From 234fbf771f0d8252b0d216c573fc0fa1bd776b3c Mon Sep 17 00:00:00 2001
From: Pasquale Minervini <p.minervini@gmail.com>
Date: Sat, 30 May 2026 15:49:25 +0100
Subject: [PATCH 7/9] Remove structured output stress test

---
 tests/structured_outputs_stress.py | 424 -----------------------------
 1 file changed, 424 deletions(-)
 delete mode 100755 tests/structured_outputs_stress.py

diff --git a/tests/structured_outputs_stress.py b/tests/structured_outputs_stress.py
deleted file mode 100755
index 9bc7610fc..000000000
--- a/tests/structured_outputs_stress.py
+++ /dev/null
@@ -1,424 +0,0 @@
-#!/usr/bin/env python3
-"""Stress JSON structured outputs on OpenAI-compatible chat/responses APIs.
-
-Examples:
-  python3 tests/structured_outputs_stress.py \
-      --base-url http://127.0.0.1:8000/v1 --model ds4 --apis chat,responses
-
-  python3 tests/structured_outputs_stress.py \
-      --base-url http://127.0.0.1:8080/v1 --model qwen --apis chat
-"""
-
-from __future__ import annotations
-
-import argparse
-import json
-import re
-import sys
-import time
-import urllib.error
-import urllib.request
-from dataclasses import dataclass
-from typing import Any
-
-
-@dataclass(frozen=True)
-class Case:
-    name: str
-    prompt: str
-    schema: dict[str, Any] | None
-    json_object: bool = False
-
-
-CASES: list[Case] = [
-    Case(
-        name="calendar_event",
-        prompt=(
-            "Create one calendar event for Alice and Bob having lunch on "
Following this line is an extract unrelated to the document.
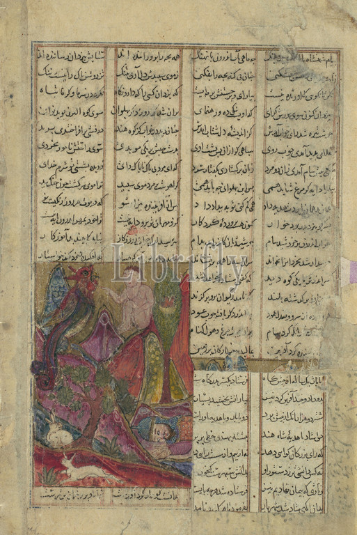 Zal, Simurgh, Nest, Folio, Shahnama, Book, Kings, ca, 1330–40, Attributed, Iran, Isfahan, Ink, opaque watercolor, gold, silver, paper, Page, 8 x 5 1/8, 20.3 13 cm, Codices, Left, wilderness, baby, father Sam thought, white hair, attribute, devil, rescued, nest, Mt, Elburz, Rumors eventually, reached, Sam, came, reclaim, son, thank, great bird
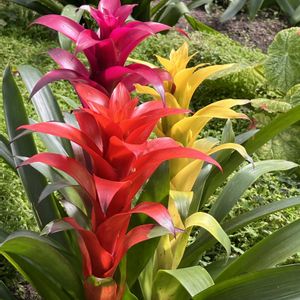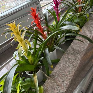 赤、黄、薄紫の トロピカルな植物🏝️ "グズマニア" 毎年、駅に降り立った観光客、帰省客をお迎えしています🚃 艶のある細長い葉っぱは四方に広がり🌿 花に見える部分は、花苞と呼ばれる葉が変化したもの💐 実際の花は花苞の中央に小さく咲きます🥰 意外にも着床植物だそうで😄 アメリカの熱帯地域の樹木の幹や岩肌に着床しています🇺🇸 葉が筒状に重なり合って水を溜め、そこから水分を吸収するユニークな仕組み💦 パイナップル科🍍グズマニア属 園芸種として栽培 Wikipedia 参照 2025.08.03 しばらく投稿はお休みします (๑>◡<๑)🤚

-            "2026-06-01 at noon. Return only the requested JSON object."
-        ),
-        schema={
-            "type": "object",
-            "properties": {
-                "name": {"type": "string"},
-                "date": {"type": "string"},
-                "participants": {
-                    "type": "array",
-                    "items": {"type": "string"},
-                    "minItems": 1,
-                    "maxItems": 5,
-                },
-            },
-            "required": ["name", "date", "participants"],
-            "additionalProperties": False,
-        },
-    ),
-    Case(
-        name="enum_const_integer_boolean",
-        prompt=(
-            "Return a compact health-check result. Use status ok, one priority, "
-            "a retry count, and whether the system is active."
-        ),
-        schema={
-            "type": "object",
-            "properties": {
-                "status": {"const": "ok"},
-                "priority": {"type": "string", "enum": ["low", "medium", "high"]},
-                "retry_count": {"type": "integer", "minimum": 0, "maximum": 5},
-                "active": {"type": "boolean"},
-            },
-            "required": ["status", "priority", "retry_count", "active"],
-            "additionalProperties": False,
-        },
-    ),
-    Case(
-        name="nested_arrays",
-        prompt=(
-            "Return a 2 by 2 integer matrix and two short labels. Keep values "
-            "small and return only JSON."
-        ),
-        schema={
-            "type": "object",
-            "properties": {
-                "matrix": {
-                    "type": "array",
-                    "minItems": 2,
-                    "maxItems": 2,
-                    "items": {
-                        "type": "array",
-                        "minItems": 2,
-                        "maxItems": 2,
-                        "items": {"type": "integer", "minimum": -9, "maximum": 9},
-                    },
-                },
-                "labels": {
-                    "type": "array",
-                    "minItems": 2,
-                    "maxItems": 2,
-                    "items": {"type": "string"},
-                },
-            },
-            "required": ["matrix", "labels"],
-            "additionalProperties": False,
-        },
-    ),
-    Case(
-        name="nullable_anyof_number_bounds",
-        prompt=(
-            "Return a score between zero and one, and use either an owner name "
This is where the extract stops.